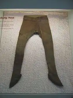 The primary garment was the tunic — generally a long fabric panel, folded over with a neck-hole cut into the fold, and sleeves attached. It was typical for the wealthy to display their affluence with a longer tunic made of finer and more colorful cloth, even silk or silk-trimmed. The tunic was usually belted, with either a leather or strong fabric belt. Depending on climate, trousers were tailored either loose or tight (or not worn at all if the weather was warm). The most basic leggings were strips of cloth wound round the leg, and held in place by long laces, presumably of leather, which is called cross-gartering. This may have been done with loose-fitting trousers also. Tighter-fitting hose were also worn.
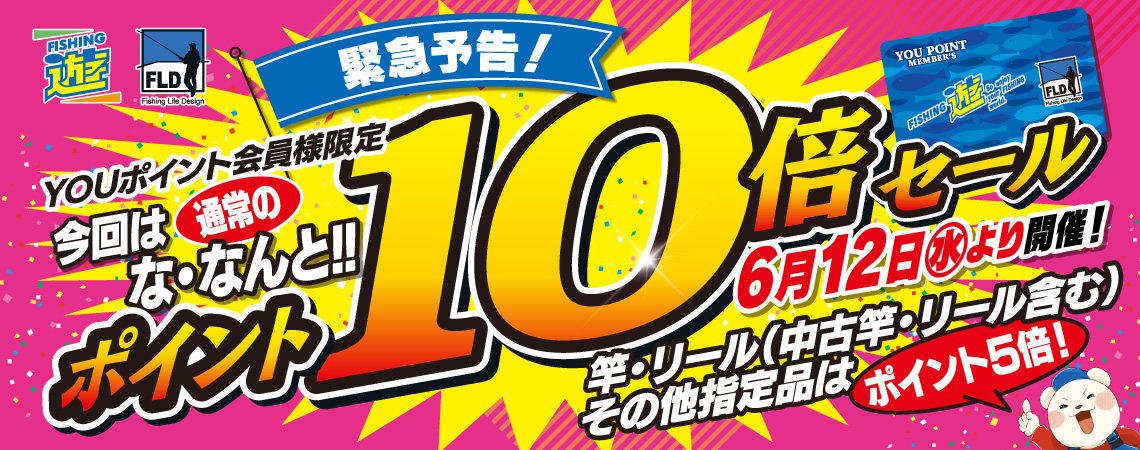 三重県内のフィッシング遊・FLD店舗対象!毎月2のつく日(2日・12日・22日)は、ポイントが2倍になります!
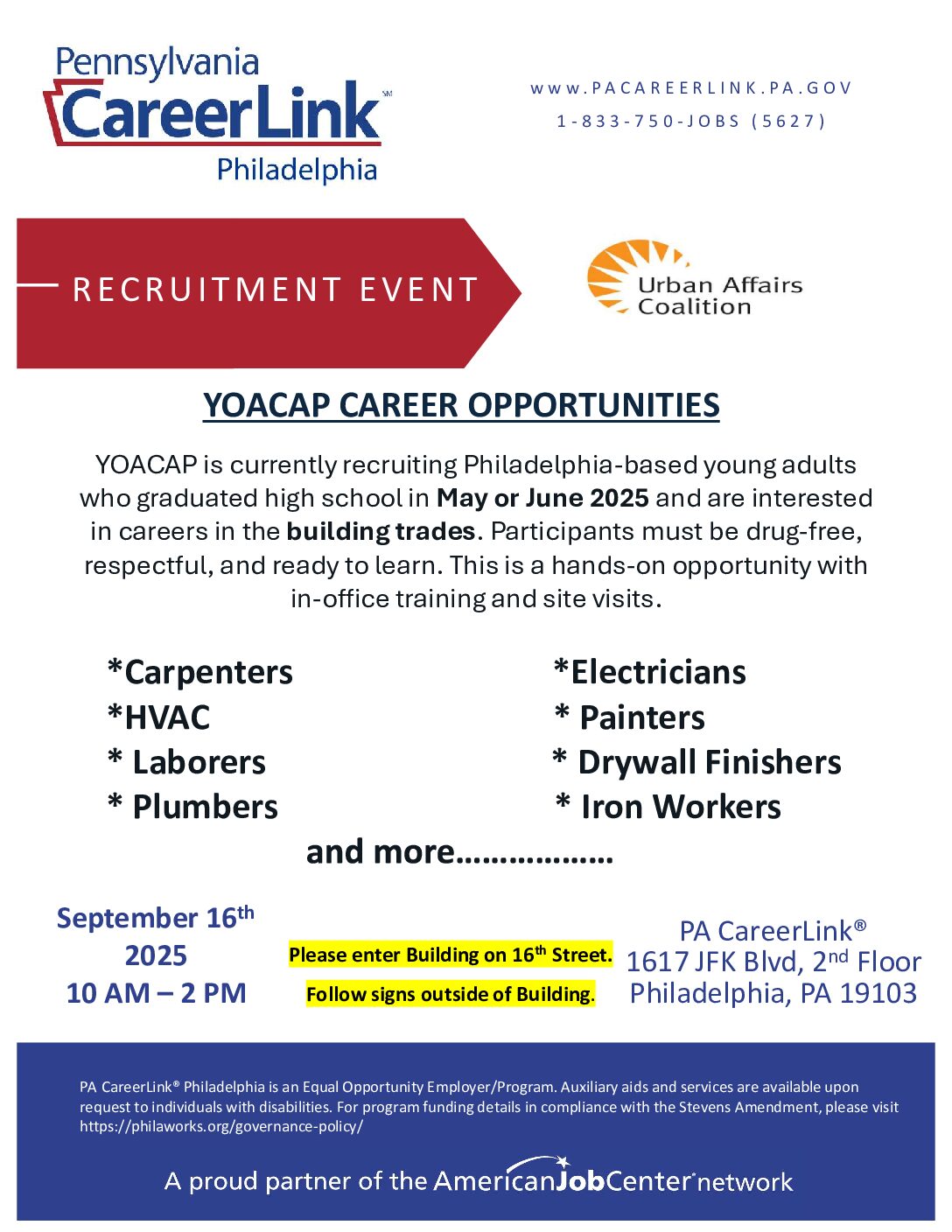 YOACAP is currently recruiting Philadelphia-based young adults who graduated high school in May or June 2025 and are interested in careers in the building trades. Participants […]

*What is expected*
Copy the material above exactly and drop the pictures.

*Task solution*
 The primary garment was the tunic — generally a long fabric panel, folded over with a neck-hole cut into the fold, and sleeves attached. It was typical for the wealthy to display their affluence with a longer tunic made of finer and more colorful cloth, even silk or silk-trimmed. The tunic was usually belted, with either a leather or strong fabric belt. Depending on climate, trousers were tailored either loose or tight (or not worn at all if the weather was warm). The most basic leggings were strips of cloth wound round the leg, and held in place by long laces, presumably of leather, which is called cross-gartering. This may have been done with loose-fitting trousers also. Tighter-fitting hose were also worn.
 三重県内のフィッシング遊・FLD店舗対象!毎月2のつく日(2日・12日・22日)は、ポイントが2倍になります!
 YOACAP is currently recruiting Philadelphia-based young adults who graduated high school in May or June 2025 and are interested in careers in the building trades. Participants […]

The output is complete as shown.